2024/2/23

IRミーティング後のアンケート集計結果(2023年10~12月)

カディラキャピタルマネジメントでは、IRミーティングの後、ご担当者様にアンケートの協力をお願いしています。

 

私たちがアンケートを実施する目的は、企業側の意見を把握して活動のヒントを得ることと、アンケートの集計結果を企業に伝えてIR活動の参考にしてもらうこと、の2点です。

 

また、アンケート結果を共有することは、資本市場関係者の相互理解を深めることに役立つと思われるため、以下の通り公開します(企業宛に送付したメール文章を一部修正した内容)。

 

 アンケート集計結果

 

今回のミーティングでは御社にとって重要な点に話題が及びましたか?

はい:100%(前四半期97%)

いいえ:0%(0%)

どちらともいえない:0%(3%)

 

今回のミーティングで御社にとって重要だった論点は、以下のうちどれですか(複数回答可)

経営理念:23%(21%)

中長期方針:82%(82%)

財務情報:18%(13%)

事業の詳細:31%(47%)

サステナビリティ:64%(63%)

その他:15%(21%)

 

次回、弊社とミーティングを行う際に対応いただける可能性のある方を選んでください(複数回答可)

経営トップ:36%(24%)

担当役員:64%(63%)

社外取締役:10%(8%)

IR担当者:95%(97%)

サステナビリティ担当者:49%(53%)

事業責任者:13%(13%)

 

従業員エンゲージメントの結果を開示していますか

(前四半期は生物多様性ポリシーについての質問でした。)

はい:26%

いいえ:69%

不明:5%

  

カディラからの補足コメント

 

前四半期は生物多様性ポリシーを設定しているかどうかを確認させていただきましたが、今四半期は従業員エンゲージメントを開示しているか、質問させていただきました。

 

今回企業の皆様に回答いただいた内容を某情報提供会社のデータと見比べたところ、4割以上で回答が食い違っていました。つまり、企業は従業員エンゲージメントの結果を開示していると認識しているが、ベンダーのデータでは「No」または「N/A」となっている状態、もしくは企業が「いいえ」と回答しているのにデータが「Yes」となっている状態でした。
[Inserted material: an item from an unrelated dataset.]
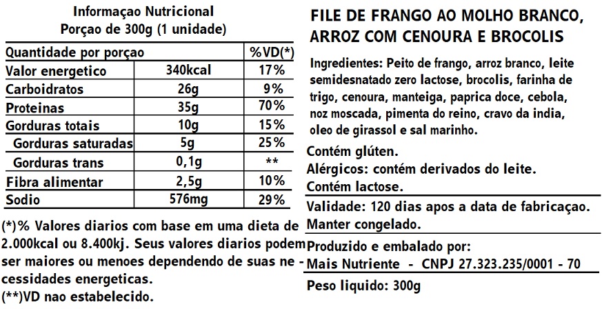 80g filé de frango + 90g molho branco + 90g arroz branco com cenoura + 40g brócolis
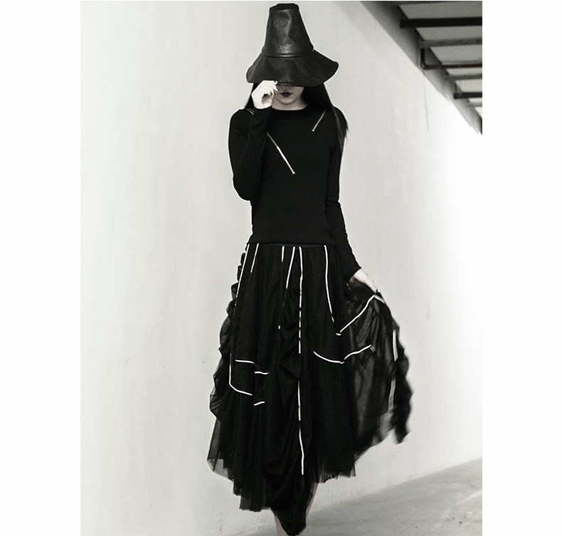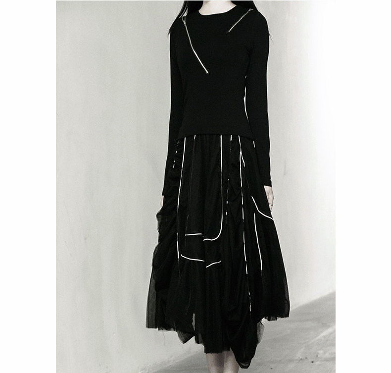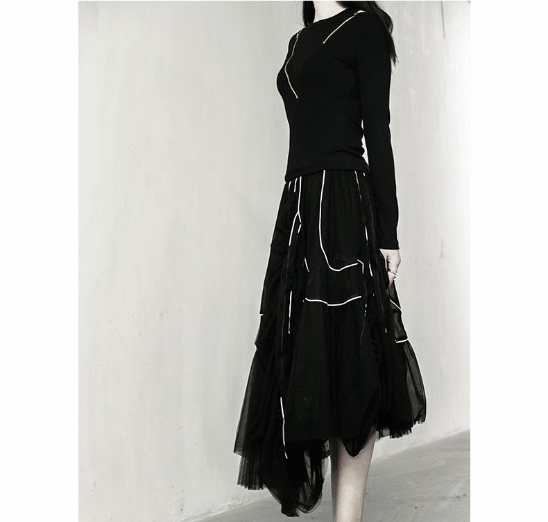 Dark Black Ensemble Mountain Bendazzle Small Crowdvanguard Day Style Irregular Hierarchy Stacking Sensual Black-and-white Color Mesh Yarn Half Skirt

開示方法の標準化がなされていないことや、タイミングのズレなどから情報提供会社のデータが企業側の認識と異なることはしばしば起こりえます。利用する際には注意が必要であることはもちろん、企業自身がわかりやすい情報開示を行うことや、データ提供会社が情報の精度を高めることなど、関係各所が協力していくことが、より良いエコシステムを構築するために重要でしょう。

 

なお、従業員エンゲージメントについて開示している企業はまだ半数に満たない上に、内容も標準化されていないため、企業間の「横比較」として使うには時期尚早ですが、一社のスコアを「時系列」で見ることは有意義だと感じています。

なお、より良い投資判断のためには、数値が改善または悪化しているという見た目だけでなく、データの背景や、それを踏まえた企業の対応策に注意を払うことが重要です。よって、情報開示においては、従業員のインタビュー記事など、現場の実態がわかるような内容を含めてもらえることを期待しています。